Are contradicting each other.
Anyways, lets take Tesla out of the mix. The overall point is that every car company sucks.
I've found one company that does not suck in this department, so, the point is questionable.
>Are contradicting each other.
Zero knowledge proofs, cryptographic hashes, etc. I don't claim to know what they're doing but it's not necessarily a contradiction.
Can you even buy a car today without all this cloud crap, and with a few buttons and dials remaining?
me personally I like buying older sporty cars
edit: what's not great is the old infotainment ha, today had a playlist queued via bluetooth, stopped working like great, "suffered" from the radio ads
They make these Bluetooth-FM transmitters that you can plug in to the cigarette lighter. Not the best sound quality but reliable.
That's cool relevant to the Taylor swift post recently ha
I am so curious about taking over running the services that perform this for my car? Shouldn't I be able to issue commands to my car myself?

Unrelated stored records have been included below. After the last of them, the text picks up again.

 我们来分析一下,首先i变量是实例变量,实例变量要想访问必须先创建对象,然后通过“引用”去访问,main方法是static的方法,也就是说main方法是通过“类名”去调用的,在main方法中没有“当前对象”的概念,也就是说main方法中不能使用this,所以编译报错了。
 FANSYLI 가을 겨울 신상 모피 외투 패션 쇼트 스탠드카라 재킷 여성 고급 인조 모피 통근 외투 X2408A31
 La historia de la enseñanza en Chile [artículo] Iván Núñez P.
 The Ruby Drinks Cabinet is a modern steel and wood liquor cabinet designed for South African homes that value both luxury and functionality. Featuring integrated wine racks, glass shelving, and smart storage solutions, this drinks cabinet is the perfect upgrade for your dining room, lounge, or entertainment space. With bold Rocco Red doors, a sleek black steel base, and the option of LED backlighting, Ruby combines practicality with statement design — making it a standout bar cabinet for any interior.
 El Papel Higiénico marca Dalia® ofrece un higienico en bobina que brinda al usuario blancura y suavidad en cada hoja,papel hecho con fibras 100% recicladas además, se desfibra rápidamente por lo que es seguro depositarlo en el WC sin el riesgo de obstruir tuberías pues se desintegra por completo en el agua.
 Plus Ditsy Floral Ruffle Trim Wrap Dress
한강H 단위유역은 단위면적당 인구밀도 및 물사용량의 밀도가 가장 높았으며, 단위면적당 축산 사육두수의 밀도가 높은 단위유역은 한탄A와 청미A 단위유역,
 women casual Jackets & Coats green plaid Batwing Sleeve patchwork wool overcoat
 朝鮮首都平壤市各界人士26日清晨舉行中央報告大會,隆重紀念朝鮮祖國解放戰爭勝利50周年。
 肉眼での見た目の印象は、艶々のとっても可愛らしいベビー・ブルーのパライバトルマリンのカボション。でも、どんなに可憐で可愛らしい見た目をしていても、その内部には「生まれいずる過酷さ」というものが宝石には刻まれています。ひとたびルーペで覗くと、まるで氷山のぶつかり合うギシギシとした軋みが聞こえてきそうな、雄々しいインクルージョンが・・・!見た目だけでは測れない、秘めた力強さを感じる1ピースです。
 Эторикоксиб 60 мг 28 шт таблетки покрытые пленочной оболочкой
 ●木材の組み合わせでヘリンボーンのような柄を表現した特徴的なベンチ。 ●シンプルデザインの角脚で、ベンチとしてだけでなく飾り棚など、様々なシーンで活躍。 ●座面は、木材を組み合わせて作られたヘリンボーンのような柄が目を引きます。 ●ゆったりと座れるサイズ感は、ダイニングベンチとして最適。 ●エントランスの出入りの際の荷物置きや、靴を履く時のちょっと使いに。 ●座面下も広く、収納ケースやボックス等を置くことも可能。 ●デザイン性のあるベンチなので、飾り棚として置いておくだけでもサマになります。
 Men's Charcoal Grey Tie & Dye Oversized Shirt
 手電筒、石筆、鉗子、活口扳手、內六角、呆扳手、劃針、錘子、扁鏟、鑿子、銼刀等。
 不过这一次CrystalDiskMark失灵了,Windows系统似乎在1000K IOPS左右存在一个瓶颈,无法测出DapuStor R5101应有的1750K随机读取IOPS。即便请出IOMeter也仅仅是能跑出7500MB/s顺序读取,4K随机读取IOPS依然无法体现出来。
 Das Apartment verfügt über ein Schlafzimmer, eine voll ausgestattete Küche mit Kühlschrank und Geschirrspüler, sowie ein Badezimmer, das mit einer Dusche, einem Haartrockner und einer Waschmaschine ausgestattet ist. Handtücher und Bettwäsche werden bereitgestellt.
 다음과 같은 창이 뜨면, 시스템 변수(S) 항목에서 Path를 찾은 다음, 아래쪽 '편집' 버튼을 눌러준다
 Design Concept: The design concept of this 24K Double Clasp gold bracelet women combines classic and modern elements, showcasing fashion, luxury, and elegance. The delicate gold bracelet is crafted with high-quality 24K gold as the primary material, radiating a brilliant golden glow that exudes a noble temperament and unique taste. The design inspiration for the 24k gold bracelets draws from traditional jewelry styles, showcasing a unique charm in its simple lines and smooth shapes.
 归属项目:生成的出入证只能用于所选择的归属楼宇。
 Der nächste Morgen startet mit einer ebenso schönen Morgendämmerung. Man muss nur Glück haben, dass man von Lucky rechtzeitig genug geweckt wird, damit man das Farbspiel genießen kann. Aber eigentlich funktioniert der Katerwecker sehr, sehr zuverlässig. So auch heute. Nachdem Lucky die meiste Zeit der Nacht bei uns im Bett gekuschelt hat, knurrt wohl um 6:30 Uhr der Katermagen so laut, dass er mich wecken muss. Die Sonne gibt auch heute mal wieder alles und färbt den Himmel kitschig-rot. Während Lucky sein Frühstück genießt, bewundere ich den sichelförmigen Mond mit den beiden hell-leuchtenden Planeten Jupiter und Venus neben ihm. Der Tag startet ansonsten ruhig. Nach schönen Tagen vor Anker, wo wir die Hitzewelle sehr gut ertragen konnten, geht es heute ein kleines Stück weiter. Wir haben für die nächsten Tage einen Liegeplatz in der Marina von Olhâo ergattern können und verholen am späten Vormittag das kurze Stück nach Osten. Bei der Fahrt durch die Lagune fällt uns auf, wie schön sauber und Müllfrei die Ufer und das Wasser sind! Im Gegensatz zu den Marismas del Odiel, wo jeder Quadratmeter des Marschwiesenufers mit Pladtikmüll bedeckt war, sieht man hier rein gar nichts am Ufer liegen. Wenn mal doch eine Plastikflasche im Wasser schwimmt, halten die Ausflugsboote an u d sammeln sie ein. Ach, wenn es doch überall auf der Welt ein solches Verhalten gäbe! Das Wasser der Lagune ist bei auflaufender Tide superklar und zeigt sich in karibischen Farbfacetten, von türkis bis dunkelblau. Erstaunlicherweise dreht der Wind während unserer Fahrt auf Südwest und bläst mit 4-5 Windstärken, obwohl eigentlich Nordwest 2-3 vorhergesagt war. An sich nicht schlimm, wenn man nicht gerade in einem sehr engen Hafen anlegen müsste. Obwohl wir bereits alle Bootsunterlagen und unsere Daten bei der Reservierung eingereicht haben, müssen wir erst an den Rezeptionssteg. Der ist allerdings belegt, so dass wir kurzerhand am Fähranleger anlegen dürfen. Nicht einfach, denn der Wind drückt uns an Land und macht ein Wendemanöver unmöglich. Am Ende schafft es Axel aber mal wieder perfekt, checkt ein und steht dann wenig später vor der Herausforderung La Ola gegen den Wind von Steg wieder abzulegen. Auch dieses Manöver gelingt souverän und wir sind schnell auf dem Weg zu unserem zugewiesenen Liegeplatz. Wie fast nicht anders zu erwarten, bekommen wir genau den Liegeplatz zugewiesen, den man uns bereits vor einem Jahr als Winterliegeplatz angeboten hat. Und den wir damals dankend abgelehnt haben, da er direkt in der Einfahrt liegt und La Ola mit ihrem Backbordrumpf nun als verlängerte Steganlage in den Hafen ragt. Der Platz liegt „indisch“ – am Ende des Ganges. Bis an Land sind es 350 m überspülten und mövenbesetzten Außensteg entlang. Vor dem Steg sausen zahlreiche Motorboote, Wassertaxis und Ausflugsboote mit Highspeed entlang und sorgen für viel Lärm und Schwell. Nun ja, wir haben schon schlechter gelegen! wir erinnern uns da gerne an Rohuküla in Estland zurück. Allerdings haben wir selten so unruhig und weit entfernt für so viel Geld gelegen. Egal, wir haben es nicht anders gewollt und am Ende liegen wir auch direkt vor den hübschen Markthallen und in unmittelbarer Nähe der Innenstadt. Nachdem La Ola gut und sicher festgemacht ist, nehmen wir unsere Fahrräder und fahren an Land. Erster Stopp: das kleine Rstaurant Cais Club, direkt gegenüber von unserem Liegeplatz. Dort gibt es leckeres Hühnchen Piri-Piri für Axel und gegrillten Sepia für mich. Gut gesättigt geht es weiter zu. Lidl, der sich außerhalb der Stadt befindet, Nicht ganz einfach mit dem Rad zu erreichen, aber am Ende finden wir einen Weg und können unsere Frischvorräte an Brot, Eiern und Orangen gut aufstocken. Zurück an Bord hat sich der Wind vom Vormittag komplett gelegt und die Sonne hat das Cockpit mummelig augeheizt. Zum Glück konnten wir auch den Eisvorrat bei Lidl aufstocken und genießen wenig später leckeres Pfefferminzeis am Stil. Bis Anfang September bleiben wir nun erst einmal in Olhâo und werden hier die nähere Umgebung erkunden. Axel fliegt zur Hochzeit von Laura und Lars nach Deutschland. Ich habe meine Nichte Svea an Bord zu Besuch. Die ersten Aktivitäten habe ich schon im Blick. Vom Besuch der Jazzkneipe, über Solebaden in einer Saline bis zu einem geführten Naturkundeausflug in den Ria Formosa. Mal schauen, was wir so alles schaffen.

You can't even control the services yourself on a Windows PC anymore, let alone something embedded like a car.
It’s great this was patched, but would love an open source way to remote start my car, without paying for subaru’s subscription.
you can buy hardware for this over radio. just google your model, year, and remote start kit. some of these have 400ft range. i bet most of your remote starts are within that range anyway
https://www.12volt.solutions/products/2018-subaru-crosstrek-...
Is it even "crack" when what you're actually doing is "just reading plain text requests and responses"? Maybe if you squint the whole "trying to find a valid email address" is cracking, but that's a bit like calling poking at doors to see which one swings open and then walking through it "forced entry".
Now do the same for Toyota so I could replace their shitty app with my own.
Why can't automakers hire 1 descent UX designer? If they can't afford it, they could band up and hire one.
How can a car brand famed for its reliability have such awful styling (this is subjective, but it seems to be sentiment that many share with me) and now such poor software etc? Such as shame.
Huh. I had to look it up, because I never would have put Subaru at the top of the reliability charts; experience and anecdotes would put it in the lower tier of Japanese automakers (granted, still well above average). But CR says #1 .. for now!
Historically, their history of head gasket issues, cam seal issues, ringlands on turbo cars, the continued use of timing belts, and other issues would definitely not have one placing Subaru at the top of perceived reliability rankings.
https://www.consumerreports.org/cars/car-reliability-owner-s...
A lot of those are distant memories of old designs. Head gaskets have been a non-issue for a decade or more now and timing chains replaced belts a similarly long time ago.
Many of those issues were relevant to the EJ series of engines, which were used in various forms on almost every Subaru model for a very long time, but today pretty much every car uses the FB or FA series of engines.
They're also vehicles that are often driven hard and tuned, especially the WRX and BRZ.